D’autres traits se révélèrent bientôt aussi importants : longueur et format d’instruction fixes, usage intensif d’un pipe-line de longueur modérée. Pour tirer parti correctement d’une architecture aussi ascétique une grande part de la complexité était reportée sur les compilateurs, qui devaient produire un code capable d’utiliser efficacement les registres et le pipe-line.
La nouvelle architecture se révéla bientôt extrêmement rapide, et doublement rapide : en effet, pour tirer parti d’un progrès de la micro-électronique, il ne suffit pas de concevoir un processeur rapide, il faut aussi que le délai nécessaire à sa conception ne soit pas trop long. La simplicité du RISC était aussi un atout de ce côté. Actuellement il faut à peu près trois ans à une équipe de 200 à 400 ingénieurs pour concevoir un nouveau processeur. Une usine entièrement équipée pour le construire coûtera de l’ordre de huit milliards de dollars, et cela double tous les quatre ans (quatorze milliards pour la dernière usine Samsung). La conception d’une architecture novatrice demande une dizaine d’années.
Résistance des architectures CISC
La technologie CISC parut condamnée, ce qui fut effectivement le cas pour les gammes VAX et Motorola 68000. Tout le monde attendait la chute de l’architecture x86 d’Intel, sur laquelle reposent les dizaines de millions de PC vendus chaque année. C’était compter sans les efforts qu’Intel pouvait mobiliser grâce à la rente du PC. Les Pentium et les Core qui leur ont succédé sont en fait des processeurs constitués d’un noyau RISC autour duquel des circuits supplémentaires et du micro-code simulent l’ancienne architecture CISC afin de préserver la compatibilité avec les systèmes et les programmes existants (information fournie par François Anceau).
Quant à la gamme des grands systèmes IBM, l’immense stock de programmes existants dont la conversion exigerait des dépenses phénoménales semble la vouer à une immortalité dont l’érosion ne se fait qu’au gré du changement lent des applications.

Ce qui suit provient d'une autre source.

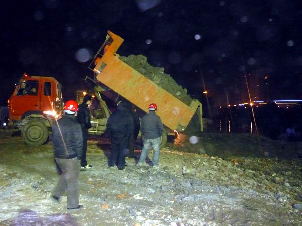 當(dāng)12月19日,宋斗灣路完成第一根樁(位于南淝河北側(cè),屬于3#橋臺(tái))的開挖澆注工作后,項(xiàng)目經(jīng)理部就開始籌劃南淝河南側(cè)的筑島圍堰工作。12月24日,當(dāng)3#橋臺(tái)的六根樁全部澆注完成后,當(dāng)天晚上仍繼續(xù)前一晚的筑島工作。每次筑島時(shí),現(xiàn)場橋梁技術(shù)員、測量技術(shù)員和安全員都和工人們一起奮戰(zhàn),而每次奮戰(zhàn)都是一個(gè)通宵。截至25日,南淝河筑島圍堰共計(jì)用土近270車,約4600方,筑島面積和筑島深度達(dá)到預(yù)案和監(jiān)理要求,符合現(xiàn)場施工的實(shí)際要求。至此,筑島圍堰工作圓滿完成。
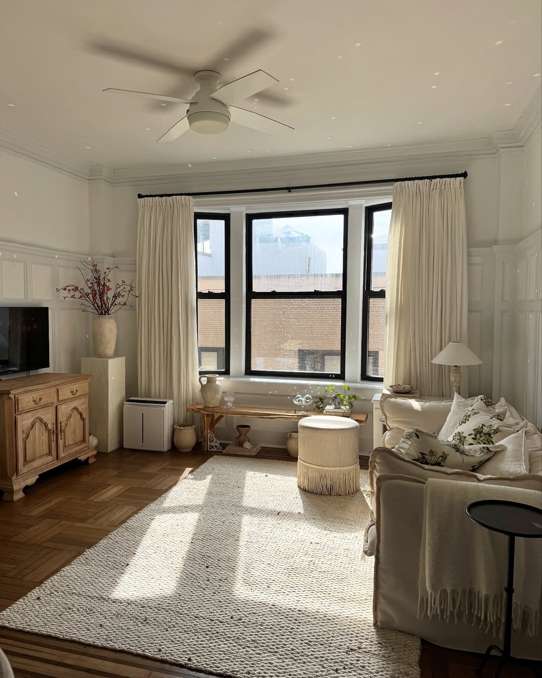There’s something about this room that feels like golden hour all day long. The creamy tones, layered textures, and soft curtains turn sunlight into part of the decor.
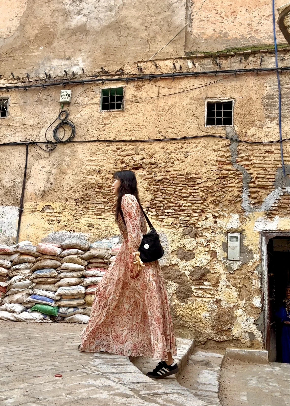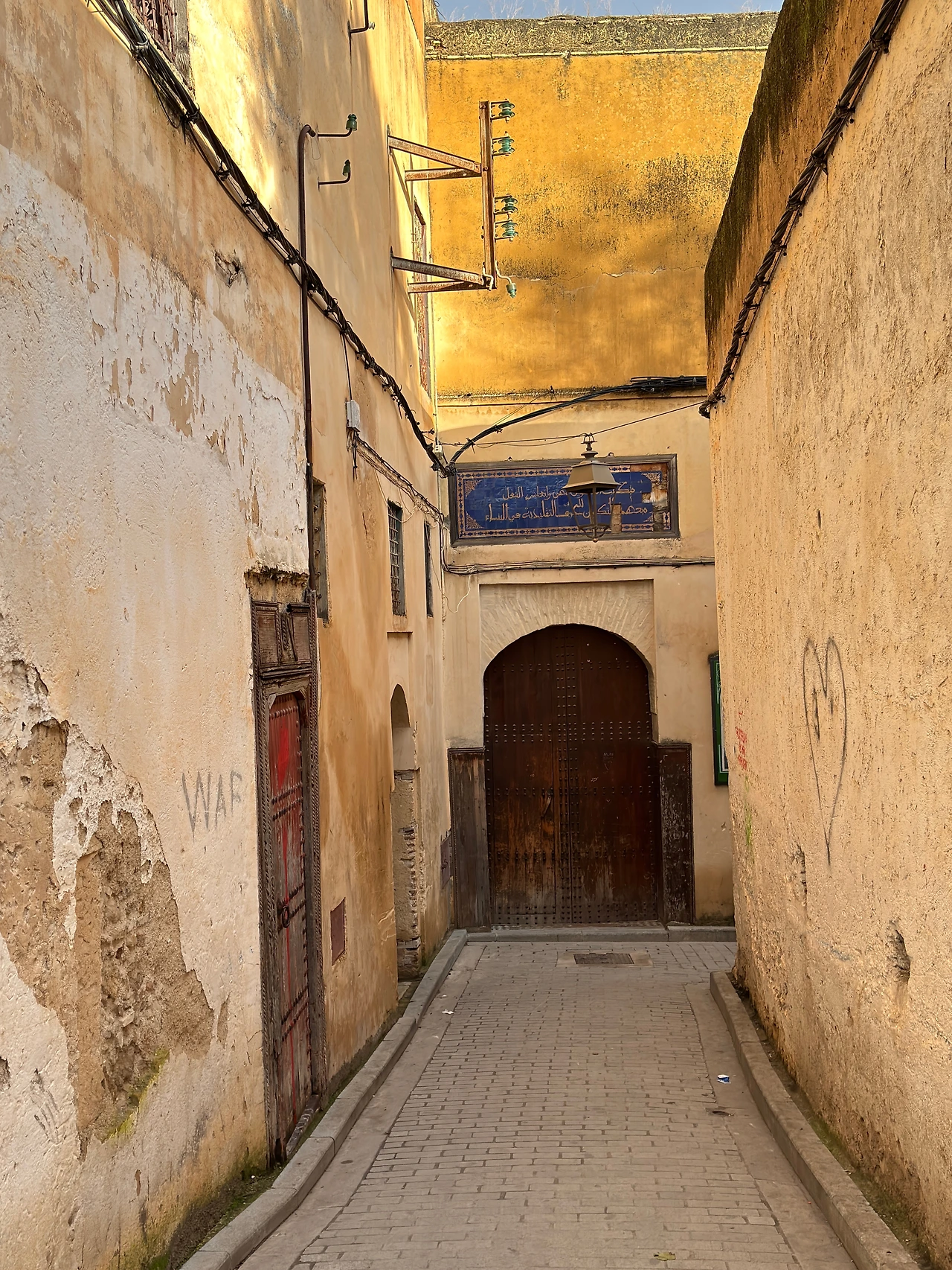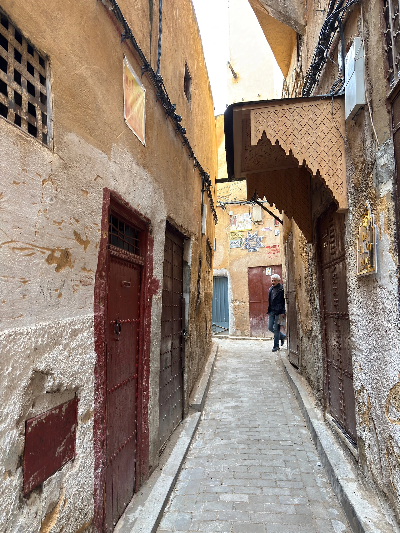 옷을 갈아입고 숙소를 나왔다. 페스의 구도심이라고 해야 하나 메디나는 미로처럼 복잡하다. 바르셀로나 피카소 미술관 근처의 황토색으로 된 거리처럼 목을 하늘로 꼿꼿이 들어 보아도 그 끝이 안 보일 만큼 높고 단단한 벽으로 둘러 싸인 좁은 골목들의 연속이다. 숙소에서 나오자마자 길을 잃지 않기 위해 한 손에는 지도를 켜고 구불구불한 길을 따라 걷는다. 개나리색, 바랜 레몬색, 황토색 벽이 오래되어 낡은 벽들과 캐리어 덜덜거리게 하는 회색 돌길을 걷다 보면 방긋 웃어주는 현지인 아이들도 만나고 꼬질꼬질한 고양이들도, 무슬림 복장을 한 퉁퉁한 여인들도 마주친다. 이런 길이 계속 반복되는 걸까, 하고 걷다가 그래도 차가 다니는 도로로 이어지는 길로 나왔는데 나타난 햇빛과 사람 사는 소리에 너무 숨통 트인다. Bank of Africa라고 파란 배경에 쓰여있는 은행이 나타나고, 와 내가 진짜 아프리카에 와있구나, 하고 영상에서 접한 아프리카 풍경 같은 길과 현지 복장을 입고 돌아다니는 사람들이 나타난다. 이국적인 풍경에 감탄사를 내지른다. 저 멀리 온갖 낡은 색의 갖가지 변주된 노란 황토색 건물들이 압도한다.
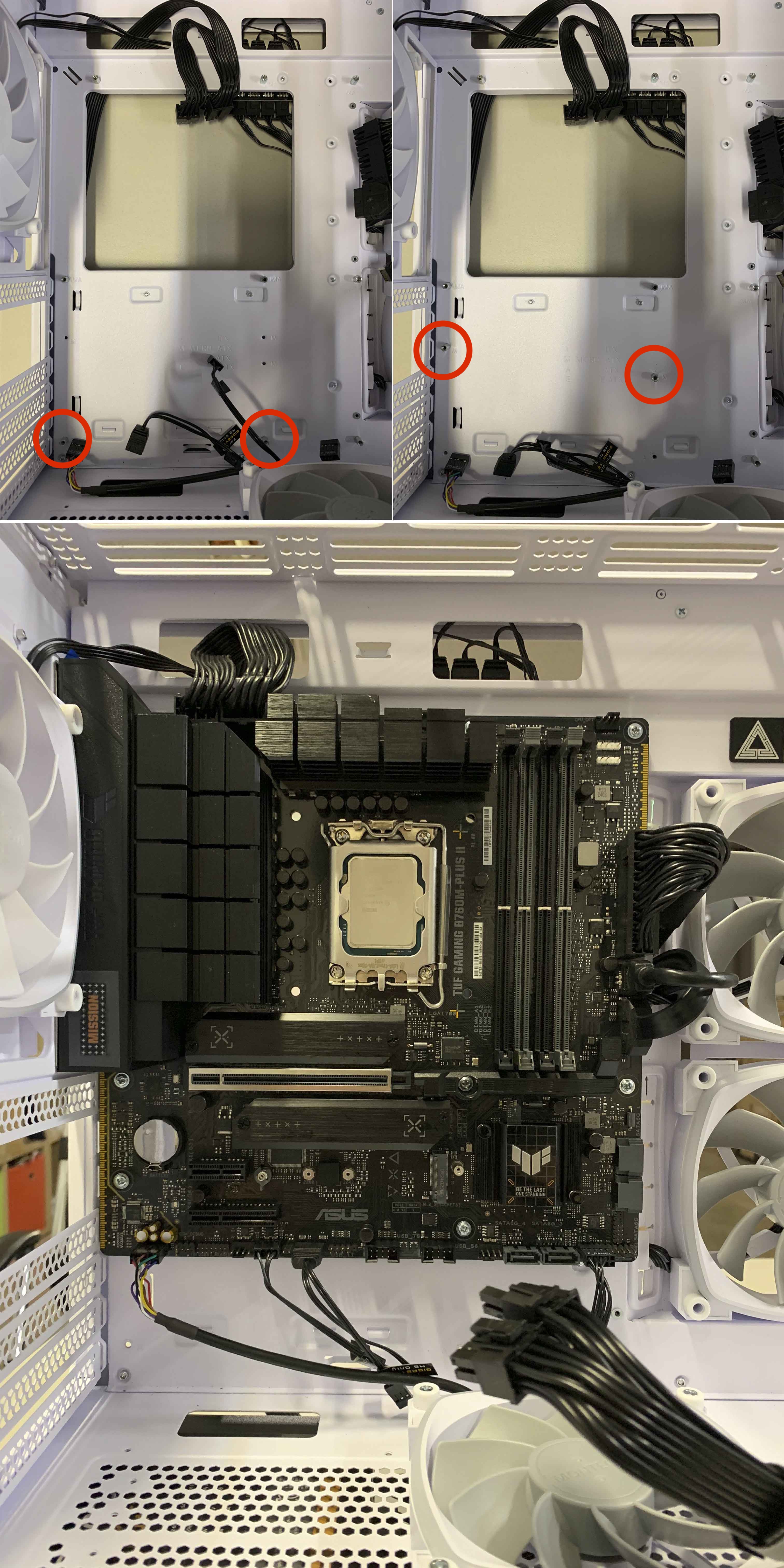 원래 사용해오던 메인보드가 ATX폼팩터라 ASUS TUF Gaming B760M Plus II에 맞게 스탠드오프(고정기둥)을 옮기고, 메인보드를 고정하여 설치했습니다.
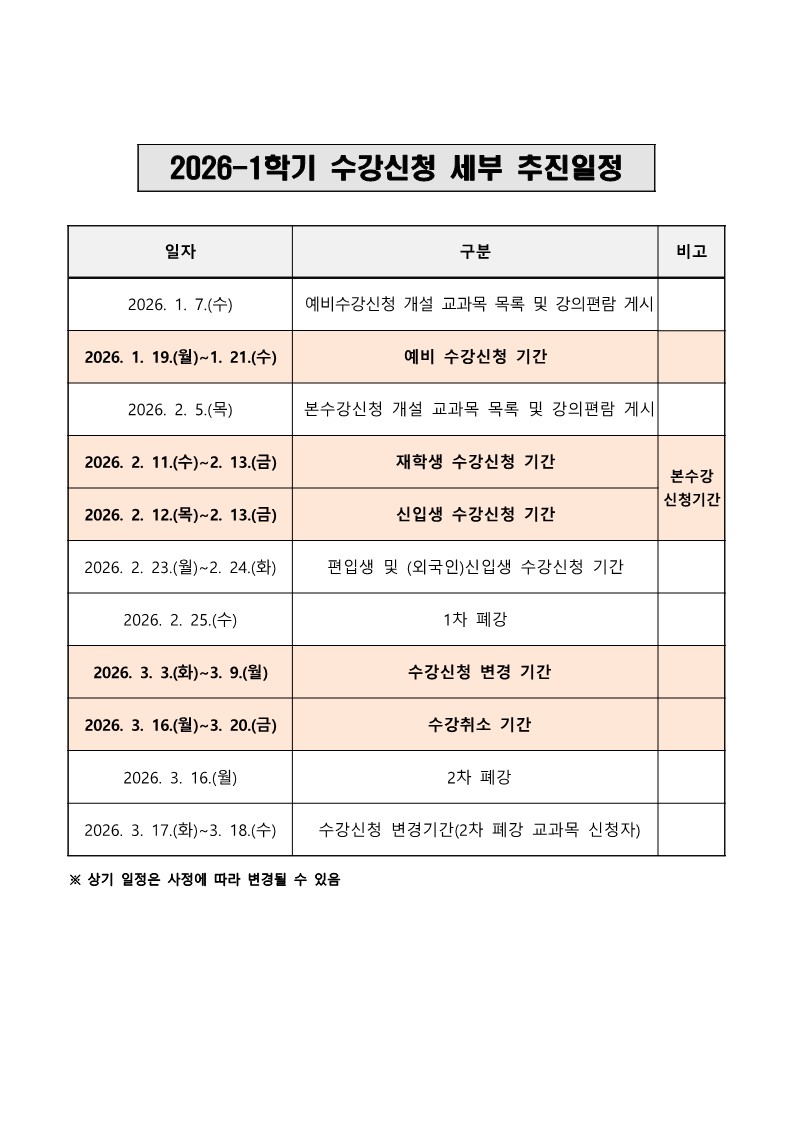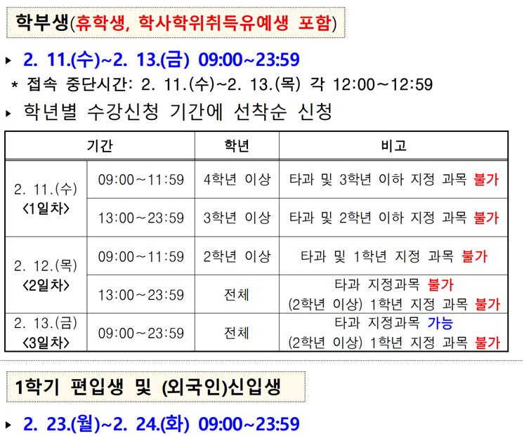 2026-1학기 수강신청 안내(2/11~2/13)
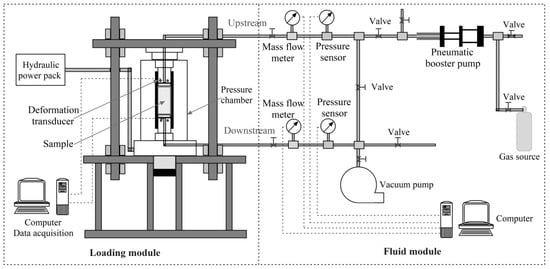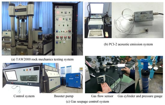 The coal sample is installed in the pressure chamber, and the deformation sensor and the AE sensor are mounted outside the coal sample. Data acquisition is realized by computer. The triaxial test machine realizes the loading of external stress by using a hydraulic system. The seepage system is connected to the two sides of the coal sample through the pipeline. A booster pump is employed to increase the gas pressure (nitrogen cylinder) to a certain pressure. Then, the gas penetrates one end of the coal sample and flows at the other end. The gas permeation measurement system comprises a pressure sensor and flow meter. The vacuum pump is also connected with the pipeline of the seepage system, and the gas in the pipeline is evacuated before the test. Pressure sensors and flow sensors are installed upstream and downstream of the pipeline to measure gas pressure and flow rate.
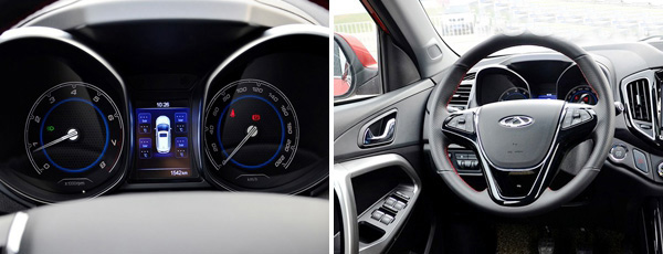 內飾整體設計感強,紅色縫線充滿了年輕動感的氣息,用料雖然不算高檔但是好在做工還不錯。三輻式方向盤帶有打孔皮質包裹和銀色裝飾條,與整體的內飾氛圍比較搭;炮筒式儀表設計感強,只是水溫表和油量表指針設計太過顯眼,儀表板中間的液晶屏負責顯示行車電腦和多媒體信息。
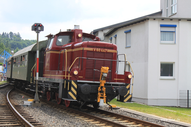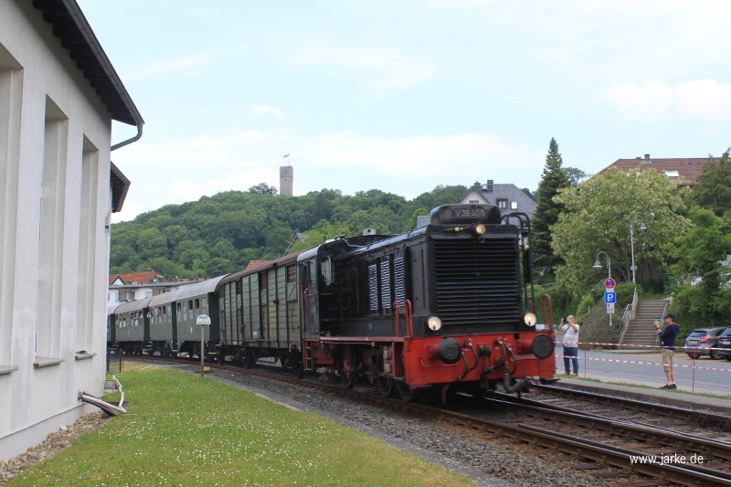 Am Pfingstsonntag und -montag waren beide Dampfloks, die wieder betriebsfähige vereinseigene V36 406 und einer angemieteten V60 447 in altroten Bundesbahn Lackierung auf der Taunusbahn von Frankfurt Höchst nach Königstein unterwegs. Im Stundentakt waren die Züge auf der Strecke unterwegs - mit Zugkreuzung in Hornau. In diesen Jahr war 01 118 für Führerstandsfahrten im Bahnhof Königsstein eingeplant. Am letzten Zug des Tages kam es zur Dampflok - Doppeltraktion - mit der 52 4867 am einen, mit 01 118 am anderen Zugende.
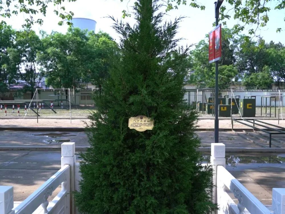 “刘老庄连”宿舍楼前一棵从刘老庄八十二烈士陵园带回并被命名为“八十二棵松”的小树。新华社记者王春涛 摄
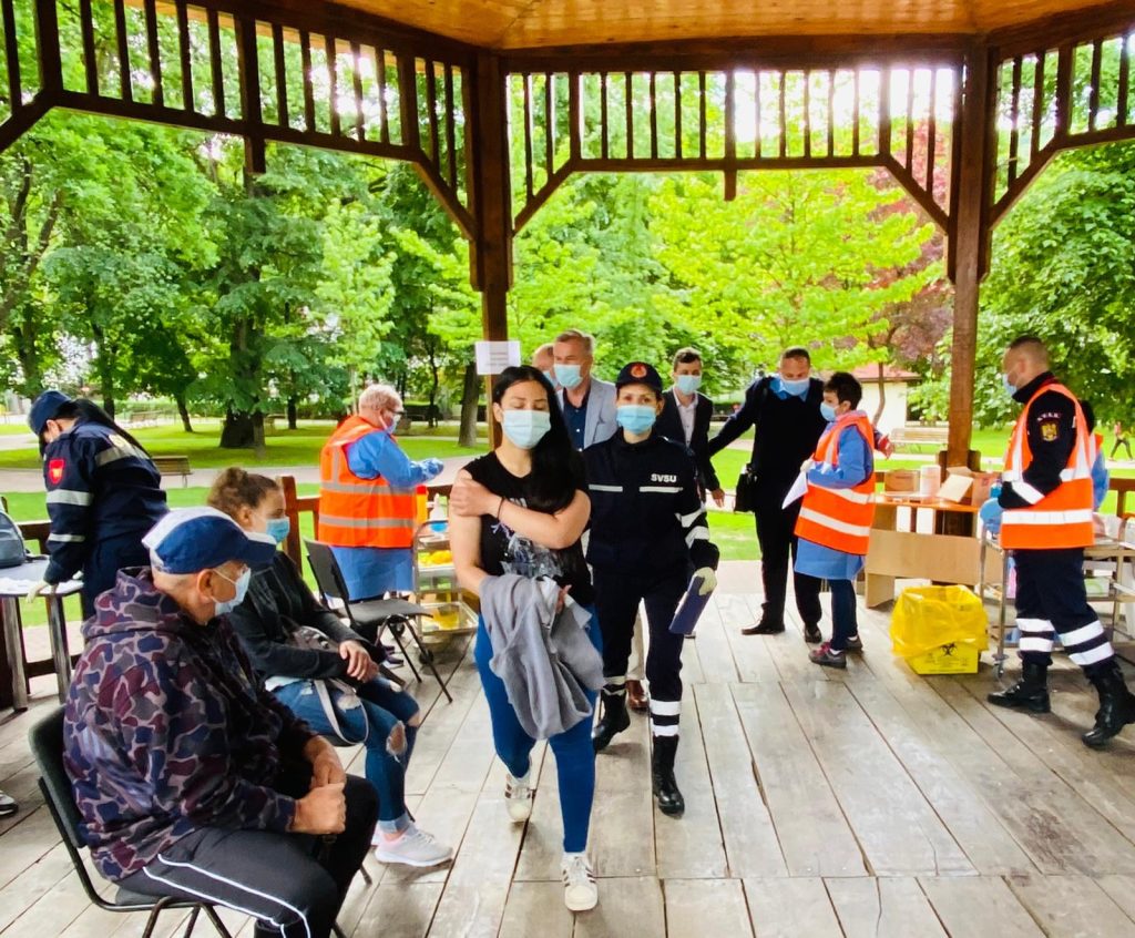 Centrul din Parcul Municipal este deservit de echipele SVSU Bistrița, aceleași care au vaccinat tot weekendul în fața Bisericii Evanghelice. De data asta au schimbat serul Johnson & Johnson cu Pfizer, singurul aprobat de autoritățile medicale pentru tinerii sub 18 ani.
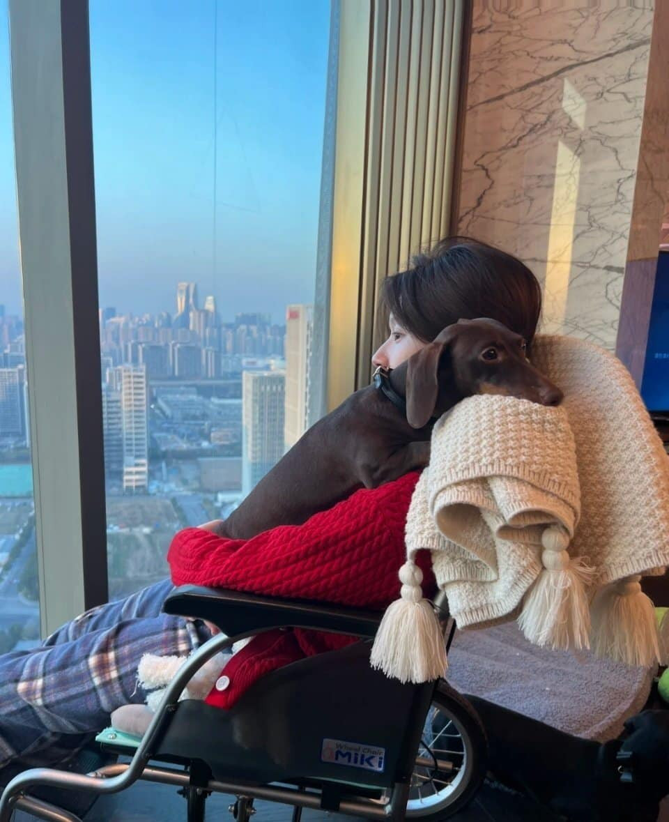Theo video, nữ diễn viên vẫn phải nhờ đến xe lăn và người thân, bạn bè hỗ trợ di chuyển. Cô đã tập luyện phục hồi chức năng để sớm đi lại được bình thường. Việc cầm nắm với Triệu Lộ Tư cũng khá khó khăn.
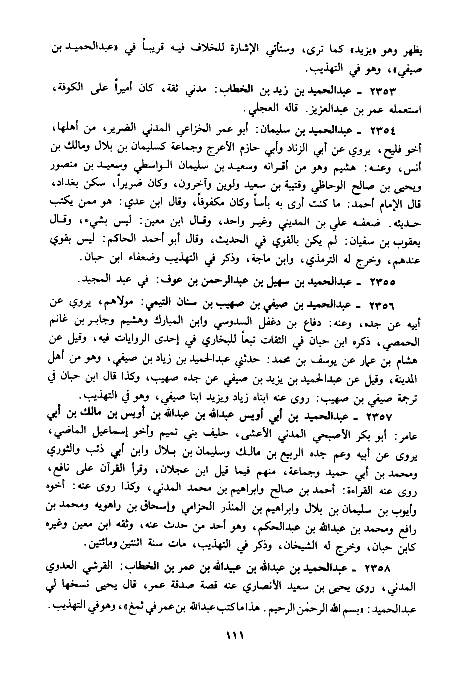 2358 - عبد الحميد بن عبد الله بن عبيد الله بن عمر بن الخطاب: القرشي العدوي المدني روى يحيى بن سعيد الأنصاري عنه قصة صدقة عمر, قال يحيى نسخها لي عبد الحميد "بسم الله الرحمن الرحيم هذا ما كتب عبد الله بن عمر في ثمغ" وهو في التهذيب.
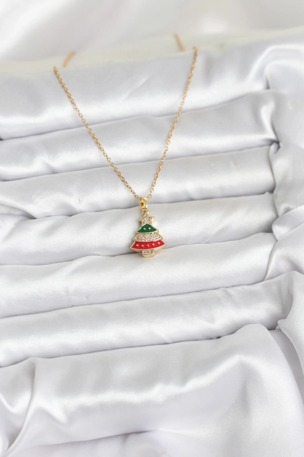 Erb 316L Çelik Zincir Gold Ren Çam Ağacı Model Zirkon Taşlı Yılbaşı Temalı Kadın Kolye
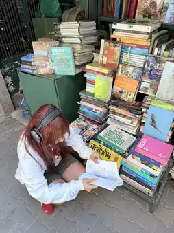 At the Chatuchak Weekend Market in Bangkok, there are several interesting second-hand bookstores for book lovers and collectors.
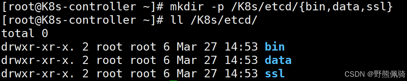 [root@K8s-controller ~]# mkdir -p /K8s/etcd/{bin,data,ssl}

Même si l’hégémonie de l’architecture x86 suggérait alors un demi-échec de l’architecture RISC, tous les processeurs modernes ont intégré sa leçon. Le mouvement RISC a profondément révolutionné la conception des processeurs et aussi, de façon moins spectaculaire mais aussi profonde, celle des techniques de compilation. En fait, hommage du vice à la vertu, tous les processeurs modernes comportent un cœur RISC entouré de circuits qui procurent un décor différent, Pentium par exemple. Même les grands systèmes IBM sont maintenant animés par des microprocesseurs qui implémentent leur jeu d’instructions traditionnel en RISC.
L’avenir appartient-il au RISC ?
Si le marché des ordinateurs, serveurs comme appareils personnels, est encore monopolisé par les architectures CISC d’Intel (et accessoirement d’AMD, qui produit des processeurs compatibles x86), il faut mesurer les conséquences de l’extraordinaire prolifération des téléphones mobiles et des tablettes, qui sont des ordinateurs Turing-complets propulsés par des processeurs RISC de conception ARM. Ces processeurs sont de loin les plus répandus dans le monde, et si il y a dix ans les accès au Web émanaient pour plus de 95 % d’ordinateurs x86 sous Windows, aujourd’hui pour plus de 70 % ils viennent d’appareils sous Android ou, moins, sous iOS.
Si les concepteurs de ces appareils portables ont choisi la plate-forme ARM, c’est pour de bonnes raisons : à puissance de calcul comparable, le poids et la consommation électrique sont bien moindres, d’au moins un ordre de grandeur. Il me semble que les processeurs ARM, qui ont commencé leur carrière de façon quasi-artisanale, seront au cœur des architectures de demain.